Content starts

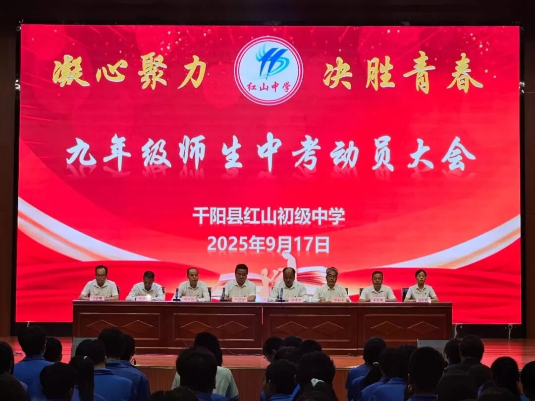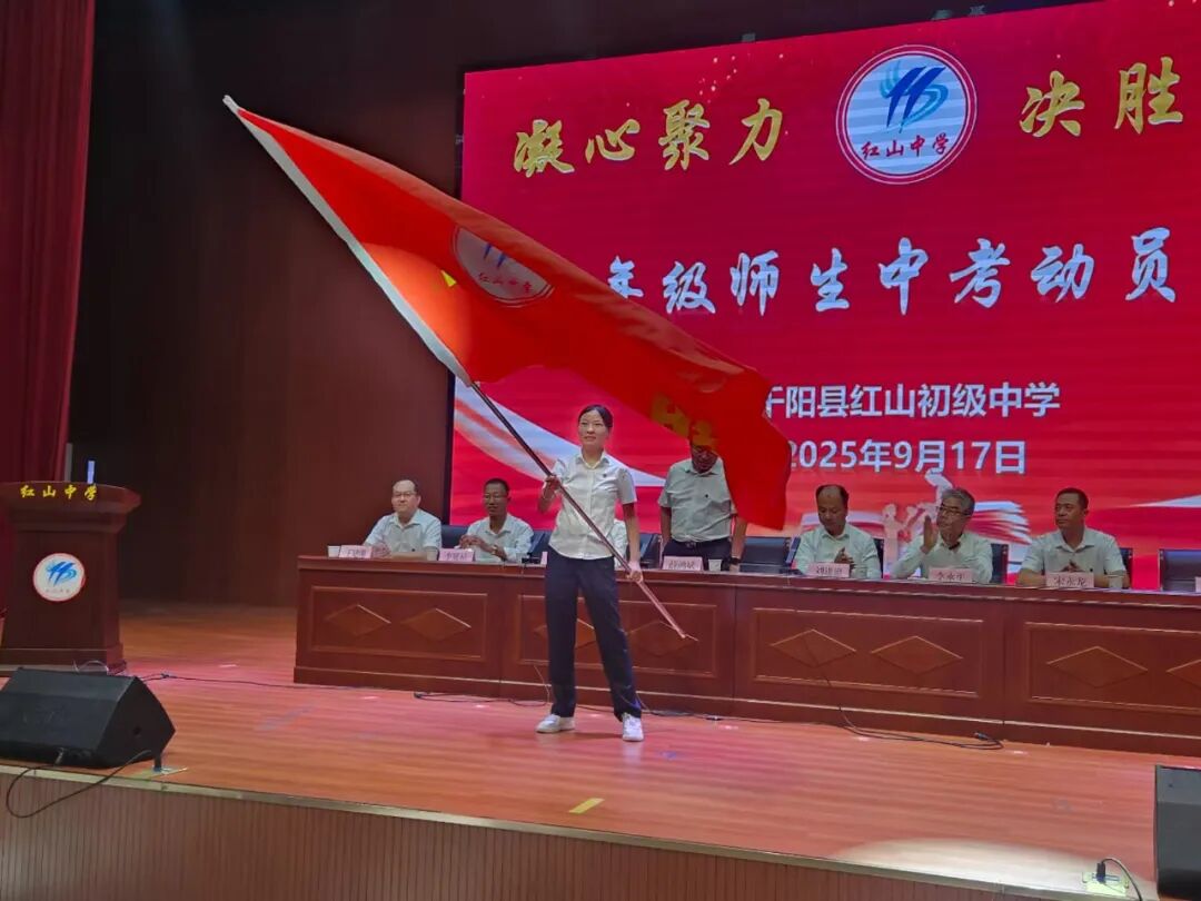 阳光讯(记者 张伟)为统一思想、明确目标,激发九年级师生的拼搏精神,营造决胜中考的浓厚氛围,2025年9月17日下午,红山中学隆重举行九年级师生中考动员大会,吹响了新征程的奋进号角。
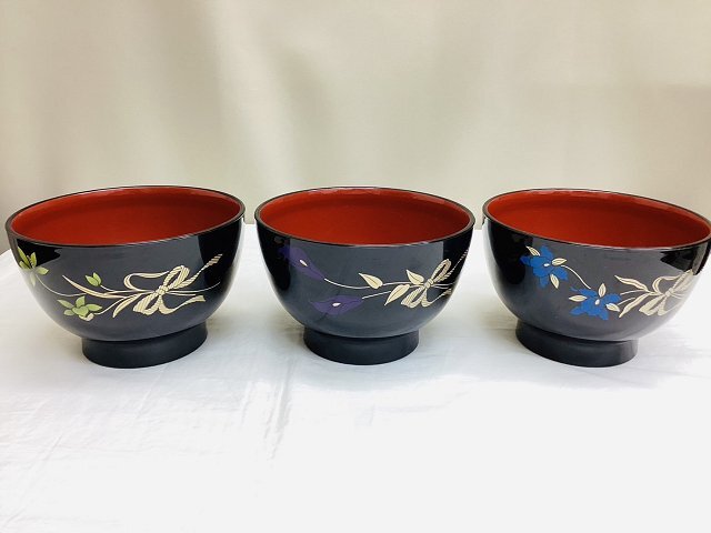 ★桂由美 漆器 お椀 丼ぶり 3点セット 直径14cm 高さ9cm 現品限り 管理番号N29402(2) 收藏
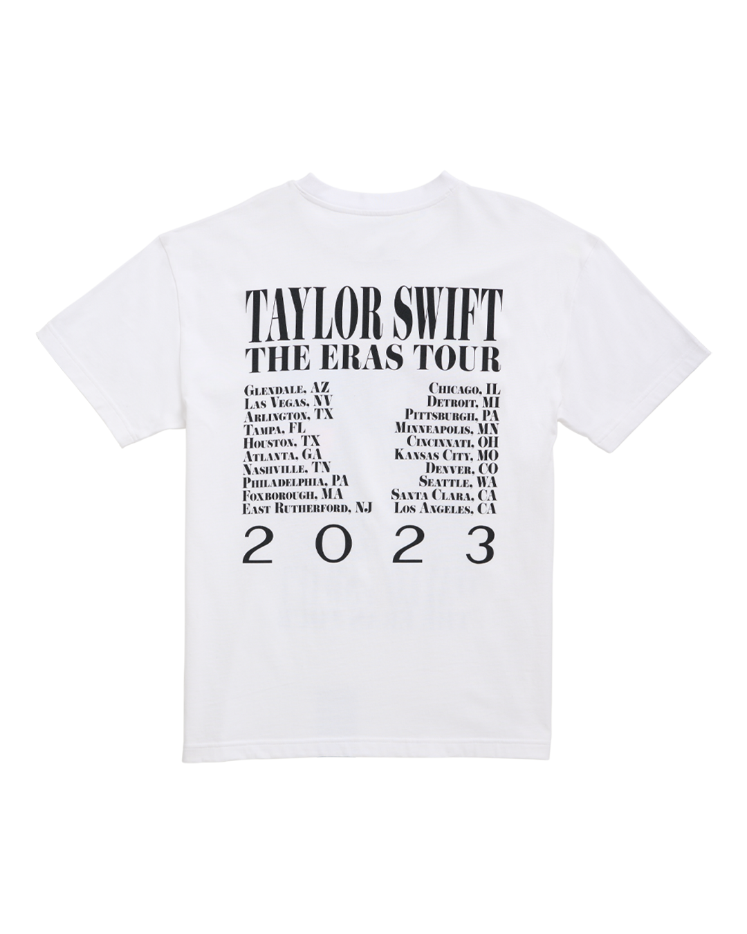 White t-shirt featuring Taylor Swift | The Eras Tour and photos of Taylor Swift printed on front with Taylor Swift | The Eras Tour. United States tour locations. and 2023 printed on back.

Content ends

[Task] Recopy the whole listing above precisely, excluding images.

[Expected output]
 阳光讯(记者 张伟)为统一思想、明确目标,激发九年级师生的拼搏精神,营造决胜中考的浓厚氛围,2025年9月17日下午,红山中学隆重举行九年级师生中考动员大会,吹响了新征程的奋进号角。
 ★桂由美 漆器 お椀 丼ぶり 3点セット 直径14cm 高さ9cm 現品限り 管理番号N29402(2) 收藏
 White t-shirt featuring Taylor Swift | The Eras Tour and photos of Taylor Swift printed on front with Taylor Swift | The Eras Tour. United States tour locations. and 2023 printed on back.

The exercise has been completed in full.